Isaiah 8:14 God is both sanctuary and stumbling stone, Yahweh is a rock that brings Israel down, the Lord is a trap and snare for the people.
“Sooner or later, if you are on any classic “spiritual schedule”, some event, person, death, idea, or relationship will enter your life that you simply cannot deal with, using your resent skill set, your acquired knowledge, or your strong willpower. Spiritually speaking, you will be , you must be, led to the edge of your own private resources. At that point you will stumble over a necessary stumbling stone, as Isaiah calls it; or to state it in our language here, you will and you must “lose” at something. This is the only way that LIfe-Fate-God-Grace-Mystery can get you to change, let g of your egocentric preoccupations, and go on the further and larger journey. I wish I could say this is not true, but it is darn near absolute in the spiritual literature of the world.

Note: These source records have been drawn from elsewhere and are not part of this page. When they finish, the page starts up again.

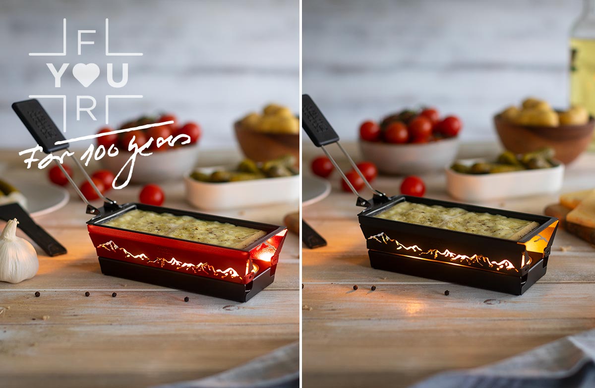 Unsere Mini Raclette-Sets Alpenglühen sorgen für besonders gemütliche Fondue-Abende im Kerzenschein. Kein Käse-Fan? Kein Problem! Die Sets überzeugen auch am Frühstückstisch und werten jeden Brunch auf mit einem leckeren Mini-Rührei ode Mini-Würstchen. Im September zum Jubiläumspreis von CHF 19.26.
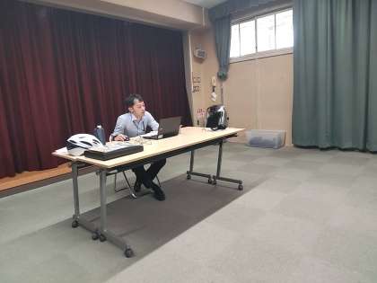 体育館建て替え工事のため、多目的室から各教室へTeams配信でお話しいただきました。
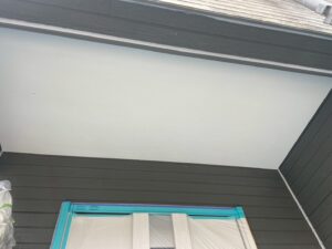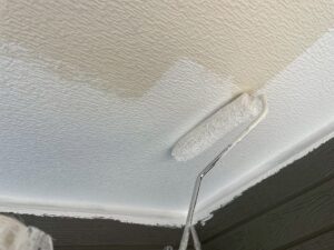 外壁・玄関軒天・上塗り仕上げ:ケンエースG-Ⅱ(防カビ剤入り)のローラー塗り施工です。
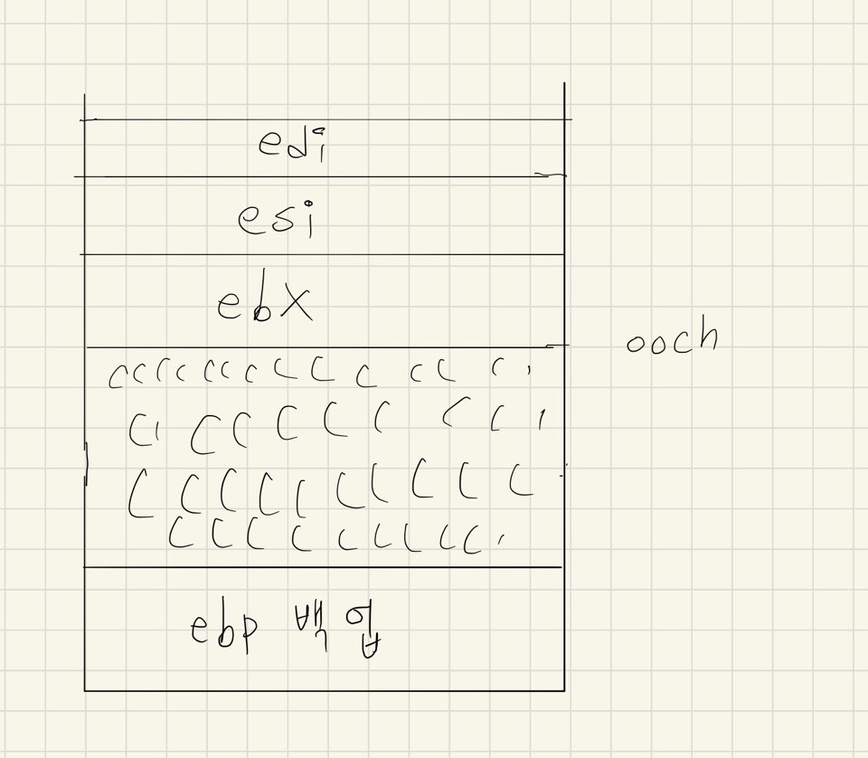 그리고 0cccccccch로 확보된 부분은 예제로 작성된 코드를 볼 경우 겨우 3개의 int형 변수를 사용하지만 너무 많은 공간이 확보되었습니다.
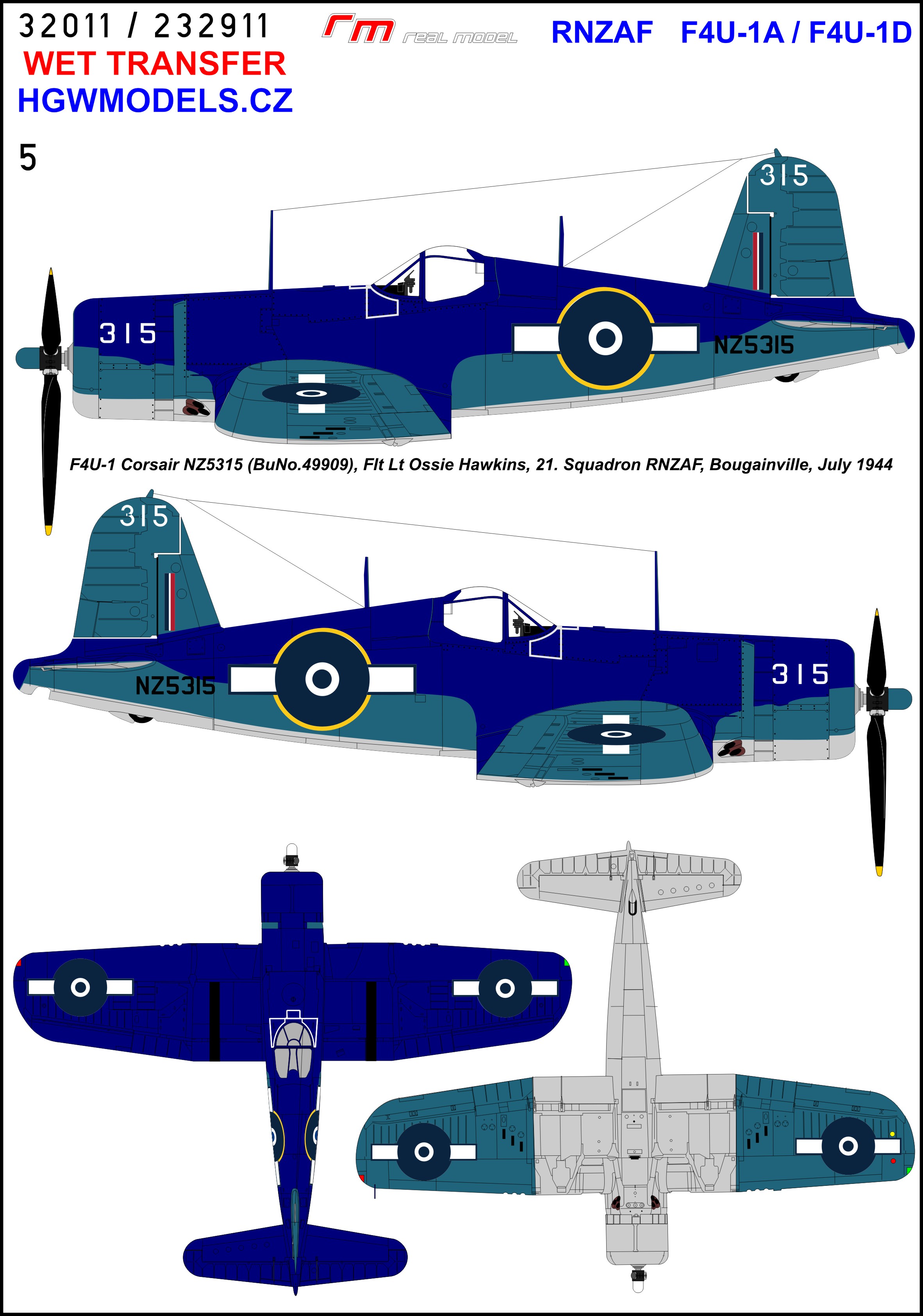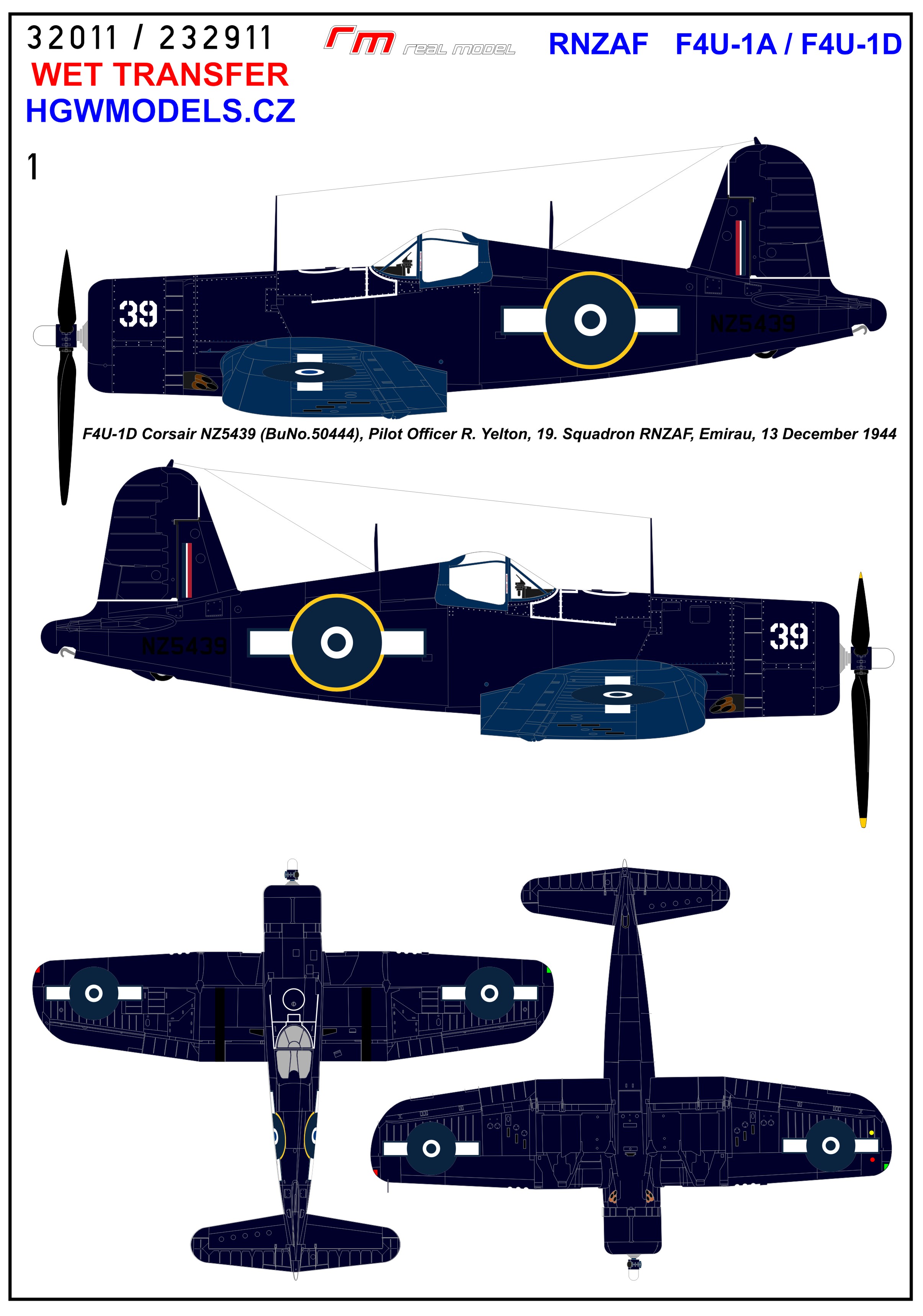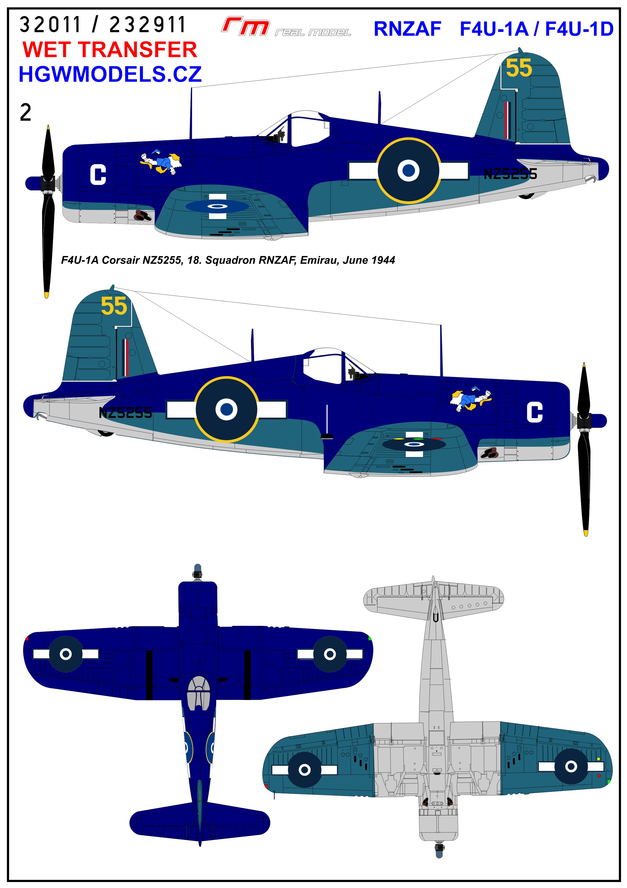 HGW - 1/32 Rnzaf Vought F4U-1A / F4U-1D Corsair Markings
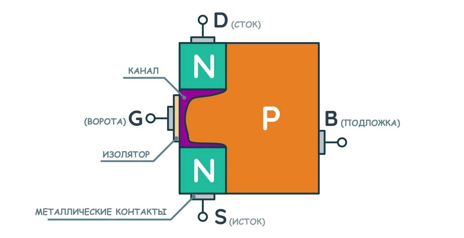 Внутренняя структура транзистора — сложная тема, но можно кратко написать, что находится внутри MOSFET:
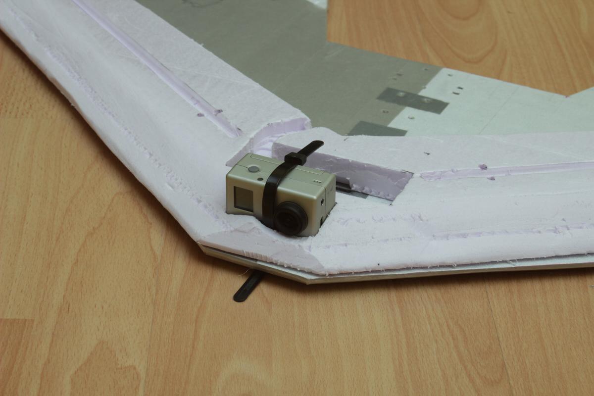 Vor dem Lipo kommt ebenso eingelassen die Gopro 2.
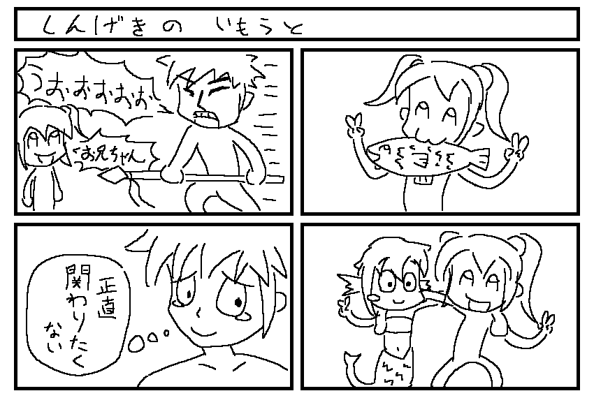 堕落した★妹の絵日記が足元に転がってきた。 ![]() 。・,*:☆ し と ど ち ゃ ん に っ き ☆:*,・。 おさかな さん どーん たくあん かう いもうと ふえた れんしう しあい かった ひと でた どーんする いいこと いいこと?
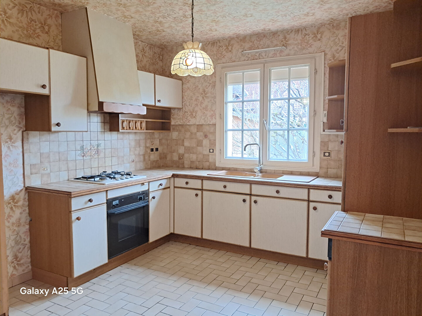 Maison de construction traditionnelle de 1990 élevée sur sous-sol total avec jardin clos et arboré, située dans un environnement calme et agréable, offrant un beau potentiel après quelques travaux de rafraîchissement. Le double séjour est spacieux et lumineux [cheminée insert], la cuisine est actuellement indépendante mais elle peut facilement être ouverte sur la salle à manger, 2 chambres composent déjà cette vie de plain-pied et les combles sont aménageables [potentiel d'agrandissement de 60m² environ]. Le sous-sol total offre un vaste espace comprenant une chambre d'appoint, une pièce de rangement, une chaufferie/buanderie, des toilettes , une cave et un double garage. Chauffage au gaz de ville.

There is no compelling reason to leave one’s present comfort zone in life. Why should you or would you? Frankly, none of us do unless and until we have to. The invitation probably has to be unexpected and unsought. If we seek spiritual heroism ourselves, the old ego is just back in control under a new name. There would not really be any change at all, but only disguise. Just bogus “self-improvement” under our own terms.
Any attempt to engineer or plan our own enlightenment is doomed to failure because it will be ego driven. You will see only what you have already decided to look for, and you cannot see what you are not ready or told to look for.
So we must stumble and fall. I am sorry to say. And that does not mean reading about falling, as you are doing here. We must actually be out of the driver’s seat for a while, or we will never learn how to give up control to the Real Guide.. It is a necessary pattern. This is the kind of falling I mean by necessary suffering.
It seems that in the spiritual world, we do not really find something until we first lose it, ignore it, miss it, long for it, choose it, and personally find it again – but now on a new level.”
Note from Neal:
What are stumbling over today? What is making you depend on God because your own resources can’t handle it? Look for God.